▶ Exercise aim
Below are some records; output all of them exactly as they read.

▶ Extracted material
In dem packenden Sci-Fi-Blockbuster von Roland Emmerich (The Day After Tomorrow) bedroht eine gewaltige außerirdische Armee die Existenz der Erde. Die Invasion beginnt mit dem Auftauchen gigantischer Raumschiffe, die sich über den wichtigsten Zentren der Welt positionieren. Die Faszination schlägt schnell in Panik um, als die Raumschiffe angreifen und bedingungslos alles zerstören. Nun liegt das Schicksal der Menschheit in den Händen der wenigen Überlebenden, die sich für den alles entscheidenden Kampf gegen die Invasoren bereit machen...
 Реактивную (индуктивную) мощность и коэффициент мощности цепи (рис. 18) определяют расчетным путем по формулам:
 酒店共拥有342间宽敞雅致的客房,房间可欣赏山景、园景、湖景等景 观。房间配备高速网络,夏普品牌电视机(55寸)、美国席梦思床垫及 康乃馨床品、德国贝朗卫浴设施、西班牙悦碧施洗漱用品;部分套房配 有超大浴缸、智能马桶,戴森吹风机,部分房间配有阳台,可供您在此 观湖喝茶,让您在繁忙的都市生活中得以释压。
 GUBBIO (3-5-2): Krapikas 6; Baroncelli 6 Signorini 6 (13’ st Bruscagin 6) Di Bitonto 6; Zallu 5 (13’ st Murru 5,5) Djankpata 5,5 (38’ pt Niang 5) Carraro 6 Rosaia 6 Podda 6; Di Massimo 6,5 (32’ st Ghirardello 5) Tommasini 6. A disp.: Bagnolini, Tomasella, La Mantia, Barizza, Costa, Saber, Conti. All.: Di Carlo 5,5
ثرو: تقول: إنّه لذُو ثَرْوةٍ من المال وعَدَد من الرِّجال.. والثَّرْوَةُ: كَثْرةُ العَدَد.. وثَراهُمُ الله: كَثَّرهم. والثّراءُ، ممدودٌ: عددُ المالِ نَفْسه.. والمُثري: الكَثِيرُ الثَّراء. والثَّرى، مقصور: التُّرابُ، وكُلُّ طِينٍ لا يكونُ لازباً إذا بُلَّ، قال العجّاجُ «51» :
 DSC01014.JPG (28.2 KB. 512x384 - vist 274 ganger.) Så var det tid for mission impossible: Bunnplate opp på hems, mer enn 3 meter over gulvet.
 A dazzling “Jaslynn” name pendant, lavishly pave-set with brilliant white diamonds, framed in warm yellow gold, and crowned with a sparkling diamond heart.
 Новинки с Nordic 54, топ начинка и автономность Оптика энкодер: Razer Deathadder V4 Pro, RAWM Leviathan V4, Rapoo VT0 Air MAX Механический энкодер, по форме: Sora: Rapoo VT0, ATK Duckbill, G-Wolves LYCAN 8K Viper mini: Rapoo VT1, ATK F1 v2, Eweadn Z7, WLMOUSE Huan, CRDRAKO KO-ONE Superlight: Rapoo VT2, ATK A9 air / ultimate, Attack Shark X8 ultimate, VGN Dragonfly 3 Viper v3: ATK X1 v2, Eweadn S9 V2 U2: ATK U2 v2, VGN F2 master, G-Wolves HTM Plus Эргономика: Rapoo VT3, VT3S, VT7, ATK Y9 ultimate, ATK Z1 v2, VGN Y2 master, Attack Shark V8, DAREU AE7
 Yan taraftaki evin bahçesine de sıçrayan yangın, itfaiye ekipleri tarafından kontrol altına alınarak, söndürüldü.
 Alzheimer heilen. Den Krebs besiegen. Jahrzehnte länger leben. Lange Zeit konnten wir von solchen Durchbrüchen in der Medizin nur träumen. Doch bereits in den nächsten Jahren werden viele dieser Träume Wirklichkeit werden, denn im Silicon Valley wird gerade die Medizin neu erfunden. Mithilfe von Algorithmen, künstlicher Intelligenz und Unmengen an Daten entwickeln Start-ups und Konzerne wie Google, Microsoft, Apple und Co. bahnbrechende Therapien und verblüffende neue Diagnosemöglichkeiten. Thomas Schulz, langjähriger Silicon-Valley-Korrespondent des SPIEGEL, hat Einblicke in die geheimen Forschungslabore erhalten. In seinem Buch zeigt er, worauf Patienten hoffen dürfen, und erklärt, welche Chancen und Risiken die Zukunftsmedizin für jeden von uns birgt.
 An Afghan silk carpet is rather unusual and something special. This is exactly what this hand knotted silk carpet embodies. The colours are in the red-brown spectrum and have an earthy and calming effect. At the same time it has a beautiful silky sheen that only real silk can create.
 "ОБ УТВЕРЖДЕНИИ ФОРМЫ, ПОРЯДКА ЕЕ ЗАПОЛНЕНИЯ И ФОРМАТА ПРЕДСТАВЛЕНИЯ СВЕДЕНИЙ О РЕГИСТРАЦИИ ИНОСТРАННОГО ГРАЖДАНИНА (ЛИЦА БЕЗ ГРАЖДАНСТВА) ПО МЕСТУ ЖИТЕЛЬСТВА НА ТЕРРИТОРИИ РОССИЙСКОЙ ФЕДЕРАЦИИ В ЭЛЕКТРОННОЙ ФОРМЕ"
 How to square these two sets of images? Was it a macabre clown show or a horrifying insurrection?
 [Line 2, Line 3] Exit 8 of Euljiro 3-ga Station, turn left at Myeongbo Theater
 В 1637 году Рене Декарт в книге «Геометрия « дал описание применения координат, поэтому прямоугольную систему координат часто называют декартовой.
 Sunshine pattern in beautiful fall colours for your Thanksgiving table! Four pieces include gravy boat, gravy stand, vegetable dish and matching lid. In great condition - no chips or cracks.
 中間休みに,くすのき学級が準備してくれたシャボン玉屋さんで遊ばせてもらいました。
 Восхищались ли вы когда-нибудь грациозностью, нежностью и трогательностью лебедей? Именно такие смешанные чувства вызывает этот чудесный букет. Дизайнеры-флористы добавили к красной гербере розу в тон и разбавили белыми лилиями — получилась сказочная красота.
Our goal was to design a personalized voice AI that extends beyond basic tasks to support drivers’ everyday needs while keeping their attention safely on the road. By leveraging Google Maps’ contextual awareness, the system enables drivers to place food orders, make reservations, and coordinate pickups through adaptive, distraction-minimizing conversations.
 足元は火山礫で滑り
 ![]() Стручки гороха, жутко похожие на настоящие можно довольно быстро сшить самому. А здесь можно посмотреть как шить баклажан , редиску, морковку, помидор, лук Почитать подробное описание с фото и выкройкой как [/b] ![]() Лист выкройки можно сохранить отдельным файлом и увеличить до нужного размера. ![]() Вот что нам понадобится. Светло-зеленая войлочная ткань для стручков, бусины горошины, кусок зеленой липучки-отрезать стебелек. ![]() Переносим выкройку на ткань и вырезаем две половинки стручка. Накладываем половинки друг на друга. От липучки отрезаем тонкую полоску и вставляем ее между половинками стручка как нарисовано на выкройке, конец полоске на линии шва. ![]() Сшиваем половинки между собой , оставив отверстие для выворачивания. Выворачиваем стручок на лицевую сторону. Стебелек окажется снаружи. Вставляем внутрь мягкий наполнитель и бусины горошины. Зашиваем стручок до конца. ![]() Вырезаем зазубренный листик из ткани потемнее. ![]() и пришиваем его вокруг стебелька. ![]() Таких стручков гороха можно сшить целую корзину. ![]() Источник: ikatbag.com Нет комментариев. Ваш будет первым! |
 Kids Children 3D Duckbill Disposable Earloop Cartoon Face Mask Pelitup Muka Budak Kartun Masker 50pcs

▶ Solution to this problem
In dem packenden Sci-Fi-Blockbuster von Roland Emmerich (The Day After Tomorrow) bedroht eine gewaltige außerirdische Armee die Existenz der Erde. Die Invasion beginnt mit dem Auftauchen gigantischer Raumschiffe, die sich über den wichtigsten Zentren der Welt positionieren. Die Faszination schlägt schnell in Panik um, als die Raumschiffe angreifen und bedingungslos alles zerstören. Nun liegt das Schicksal der Menschheit in den Händen der wenigen Überlebenden, die sich für den alles entscheidenden Kampf gegen die Invasoren bereit machen...
 Реактивную (индуктивную) мощность и коэффициент мощности цепи (рис. 18) определяют расчетным путем по формулам:
 酒店共拥有342间宽敞雅致的客房,房间可欣赏山景、园景、湖景等景 观。房间配备高速网络,夏普品牌电视机(55寸)、美国席梦思床垫及 康乃馨床品、德国贝朗卫浴设施、西班牙悦碧施洗漱用品;部分套房配 有超大浴缸、智能马桶,戴森吹风机,部分房间配有阳台,可供您在此 观湖喝茶,让您在繁忙的都市生活中得以释压。
 GUBBIO (3-5-2): Krapikas 6; Baroncelli 6 Signorini 6 (13’ st Bruscagin 6) Di Bitonto 6; Zallu 5 (13’ st Murru 5,5) Djankpata 5,5 (38’ pt Niang 5) Carraro 6 Rosaia 6 Podda 6; Di Massimo 6,5 (32’ st Ghirardello 5) Tommasini 6. A disp.: Bagnolini, Tomasella, La Mantia, Barizza, Costa, Saber, Conti. All.: Di Carlo 5,5
ثرو: تقول: إنّه لذُو ثَرْوةٍ من المال وعَدَد من الرِّجال.. والثَّرْوَةُ: كَثْرةُ العَدَد.. وثَراهُمُ الله: كَثَّرهم. والثّراءُ، ممدودٌ: عددُ المالِ نَفْسه.. والمُثري: الكَثِيرُ الثَّراء. والثَّرى، مقصور: التُّرابُ، وكُلُّ طِينٍ لا يكونُ لازباً إذا بُلَّ، قال العجّاجُ «51» :
 DSC01014.JPG (28.2 KB. 512x384 - vist 274 ganger.) Så var det tid for mission impossible: Bunnplate opp på hems, mer enn 3 meter over gulvet.
 A dazzling “Jaslynn” name pendant, lavishly pave-set with brilliant white diamonds, framed in warm yellow gold, and crowned with a sparkling diamond heart.
 Новинки с Nordic 54, топ начинка и автономность Оптика энкодер: Razer Deathadder V4 Pro, RAWM Leviathan V4, Rapoo VT0 Air MAX Механический энкодер, по форме: Sora: Rapoo VT0, ATK Duckbill, G-Wolves LYCAN 8K Viper mini: Rapoo VT1, ATK F1 v2, Eweadn Z7, WLMOUSE Huan, CRDRAKO KO-ONE Superlight: Rapoo VT2, ATK A9 air / ultimate, Attack Shark X8 ultimate, VGN Dragonfly 3 Viper v3: ATK X1 v2, Eweadn S9 V2 U2: ATK U2 v2, VGN F2 master, G-Wolves HTM Plus Эргономика: Rapoo VT3, VT3S, VT7, ATK Y9 ultimate, ATK Z1 v2, VGN Y2 master, Attack Shark V8, DAREU AE7
 Yan taraftaki evin bahçesine de sıçrayan yangın, itfaiye ekipleri tarafından kontrol altına alınarak, söndürüldü.
 Alzheimer heilen. Den Krebs besiegen. Jahrzehnte länger leben. Lange Zeit konnten wir von solchen Durchbrüchen in der Medizin nur träumen. Doch bereits in den nächsten Jahren werden viele dieser Träume Wirklichkeit werden, denn im Silicon Valley wird gerade die Medizin neu erfunden. Mithilfe von Algorithmen, künstlicher Intelligenz und Unmengen an Daten entwickeln Start-ups und Konzerne wie Google, Microsoft, Apple und Co. bahnbrechende Therapien und verblüffende neue Diagnosemöglichkeiten. Thomas Schulz, langjähriger Silicon-Valley-Korrespondent des SPIEGEL, hat Einblicke in die geheimen Forschungslabore erhalten. In seinem Buch zeigt er, worauf Patienten hoffen dürfen, und erklärt, welche Chancen und Risiken die Zukunftsmedizin für jeden von uns birgt.
 An Afghan silk carpet is rather unusual and something special. This is exactly what this hand knotted silk carpet embodies. The colours are in the red-brown spectrum and have an earthy and calming effect. At the same time it has a beautiful silky sheen that only real silk can create.
 "ОБ УТВЕРЖДЕНИИ ФОРМЫ, ПОРЯДКА ЕЕ ЗАПОЛНЕНИЯ И ФОРМАТА ПРЕДСТАВЛЕНИЯ СВЕДЕНИЙ О РЕГИСТРАЦИИ ИНОСТРАННОГО ГРАЖДАНИНА (ЛИЦА БЕЗ ГРАЖДАНСТВА) ПО МЕСТУ ЖИТЕЛЬСТВА НА ТЕРРИТОРИИ РОССИЙСКОЙ ФЕДЕРАЦИИ В ЭЛЕКТРОННОЙ ФОРМЕ"
 How to square these two sets of images? Was it a macabre clown show or a horrifying insurrection?
 [Line 2, Line 3] Exit 8 of Euljiro 3-ga Station, turn left at Myeongbo Theater
 В 1637 году Рене Декарт в книге «Геометрия « дал описание применения координат, поэтому прямоугольную систему координат часто называют декартовой.
 Sunshine pattern in beautiful fall colours for your Thanksgiving table! Four pieces include gravy boat, gravy stand, vegetable dish and matching lid. In great condition - no chips or cracks.
 中間休みに,くすのき学級が準備してくれたシャボン玉屋さんで遊ばせてもらいました。
 Восхищались ли вы когда-нибудь грациозностью, нежностью и трогательностью лебедей? Именно такие смешанные чувства вызывает этот чудесный букет. Дизайнеры-флористы добавили к красной гербере розу в тон и разбавили белыми лилиями — получилась сказочная красота.
Our goal was to design a personalized voice AI that extends beyond basic tasks to support drivers’ everyday needs while keeping their attention safely on the road. By leveraging Google Maps’ contextual awareness, the system enables drivers to place food orders, make reservations, and coordinate pickups through adaptive, distraction-minimizing conversations.
 足元は火山礫で滑り
 ![]() Стручки гороха, жутко похожие на настоящие можно довольно быстро сшить самому. А здесь можно посмотреть как шить баклажан , редиску, морковку, помидор, лук Почитать подробное описание с фото и выкройкой как [/b] ![]() Лист выкройки можно сохранить отдельным файлом и увеличить до нужного размера. ![]() Вот что нам понадобится. Светло-зеленая войлочная ткань для стручков, бусины горошины, кусок зеленой липучки-отрезать стебелек. ![]() Переносим выкройку на ткань и вырезаем две половинки стручка. Накладываем половинки друг на друга. От липучки отрезаем тонкую полоску и вставляем ее между половинками стручка как нарисовано на выкройке, конец полоске на линии шва. ![]() Сшиваем половинки между собой , оставив отверстие для выворачивания. Выворачиваем стручок на лицевую сторону. Стебелек окажется снаружи. Вставляем внутрь мягкий наполнитель и бусины горошины. Зашиваем стручок до конца. ![]() Вырезаем зазубренный листик из ткани потемнее. ![]() и пришиваем его вокруг стебелька. ![]() Таких стручков гороха можно сшить целую корзину. ![]() Источник: ikatbag.com Нет комментариев. Ваш будет первым! |
 Kids Children 3D Duckbill Disposable Earloop Cartoon Face Mask Pelitup Muka Budak Kartun Masker 50pcs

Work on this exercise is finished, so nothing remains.